## INFORMATION PROVIDED
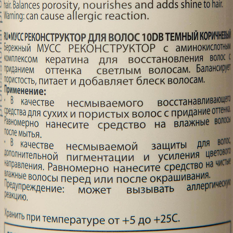 Мусс-реконструктор для волос Chocolate 10DB, Шоколад, 200 мл
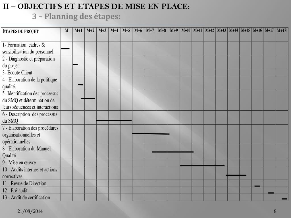 II – OBJECTIFS ET ETAPES DE MISE EN PLACE: 3 – Planning des étapes:
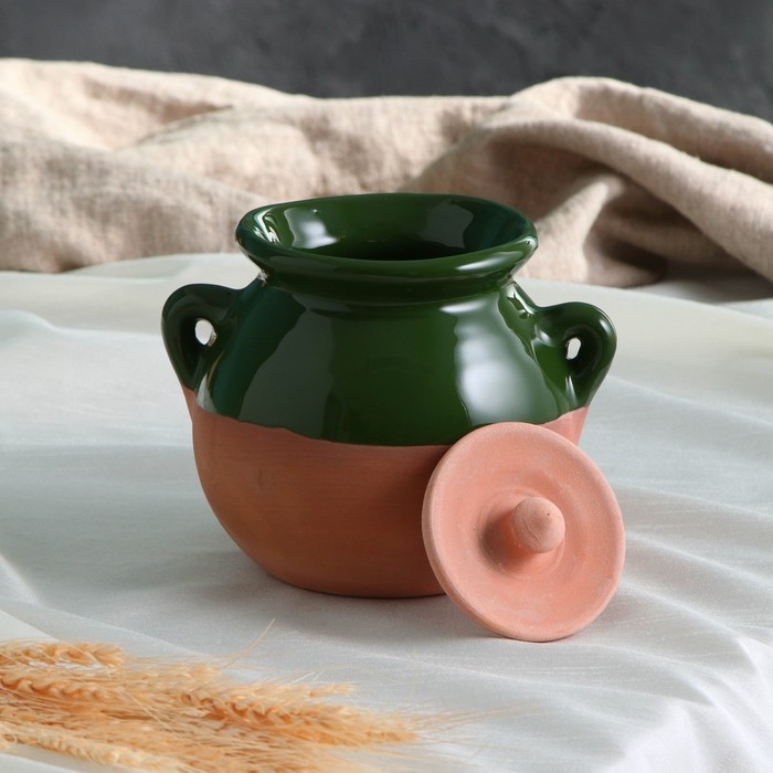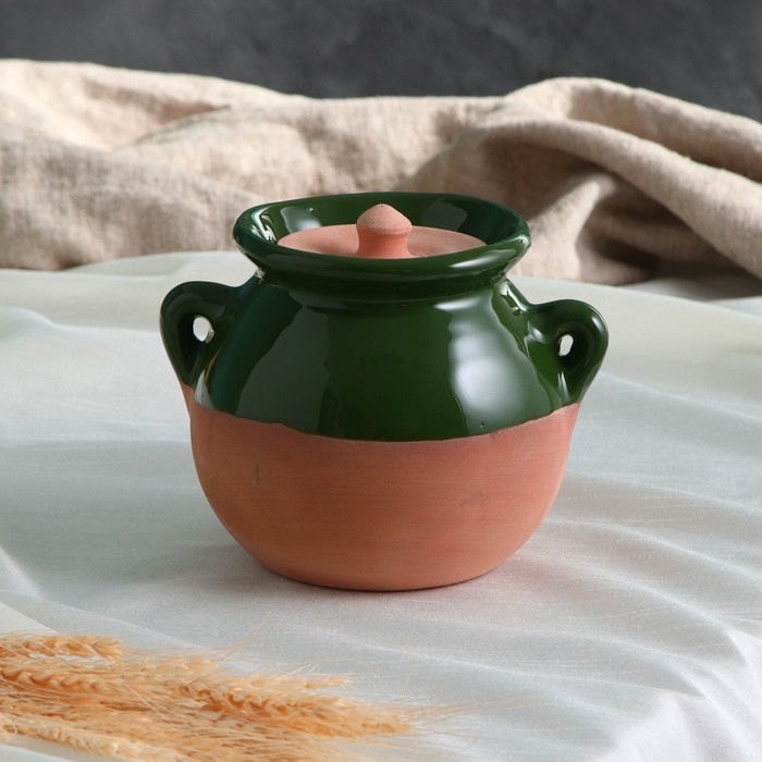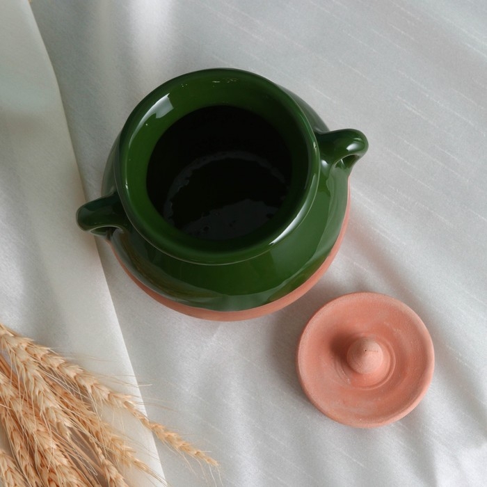Горшок керамический для запекания "Борисовский" 0,7л / 15х9см, зеленый
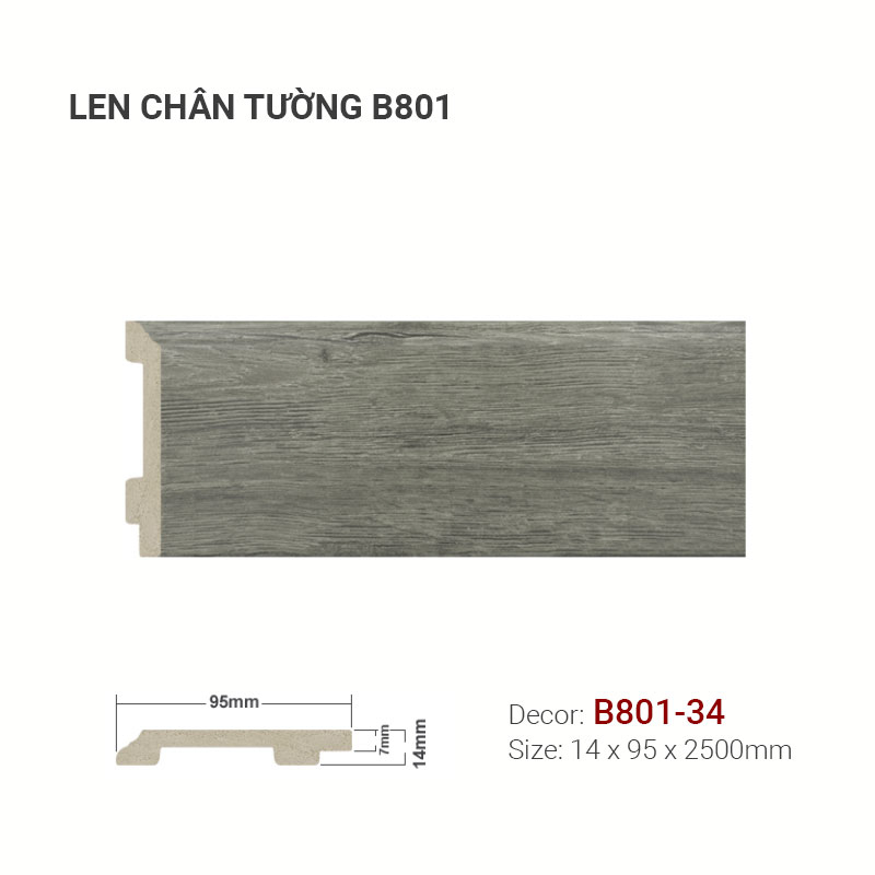 Len Tường B801-34 là sự lựa chọn tuyệt vời để hoàn thiện không gian nội thất hiện đại, mang đến vẻ đẹp tinh tế, sạch sẽ và chỉn chu. Với màu xám trung tính linh hoạt, vân gỗ tự nhiên mềm mại và bề mặt mờ mịn dễ vệ sinh, sản phẩm này không chỉ đáp ứng yêu cầu thẩm mỹ mà còn đảm bảo tính năng bảo vệ chân tường hiệu quả. Lắp đặt Len Tường B801-34 là cách đơn giản nhưng hiệu quả để nâng tầm không gian sống, thể hiện gu thẩm mỹ hiện đại và sự đầu tư vào từng chi tiết nhỏ.
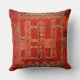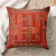 Oriental rug design in orange - an antique image is printed on this throw pillow - an illustration from an antique book" "Oriental rugs, antique and modern" (1922)- it was edited and applied on this item by Alma Wad - "nomadic designs prevalent throughout Anatolia. Reciprocal latch-hooksform the background of the central field, on which are three upright panels containing octagonal discs; and latch-hooks surrounding lozenges and forming what may originally have been intended to represent the tree of life appear almost as conspicuously in the border. There are also combs, knots of destiny, and innumerable S-forms. The panel sat the upper and lower ends of the field and the reciprocal Vandykesare most suggestive of Ladiks, but in the place of pomegranates at the ends of the upright stalks are small checquered squares. Bergamos with such patterns are now rarely seen. "

## WORK ITEM
Within the listing above, the lines from the one with "II – OBJECTIFS" through the one with "Len Tường B801-34 là sự" are to be given again word for word. Do not include pictures.

## TASK RESPONSE
 II – OBJECTIFS ET ETAPES DE MISE EN PLACE: 3 – Planning des étapes:
Горшок керамический для запекания "Борисовский" 0,7л / 15х9см, зеленый
 Len Tường B801-34 là sự lựa chọn tuyệt vời để hoàn thiện không gian nội thất hiện đại, mang đến vẻ đẹp tinh tế, sạch sẽ và chỉn chu. Với màu xám trung tính linh hoạt, vân gỗ tự nhiên mềm mại và bề mặt mờ mịn dễ vệ sinh, sản phẩm này không chỉ đáp ứng yêu cầu thẩm mỹ mà còn đảm bảo tính năng bảo vệ chân tường hiệu quả. Lắp đặt Len Tường B801-34 là cách đơn giản nhưng hiệu quả để nâng tầm không gian sống, thể hiện gu thẩm mỹ hiện đại và sự đầu tư vào từng chi tiết nhỏ.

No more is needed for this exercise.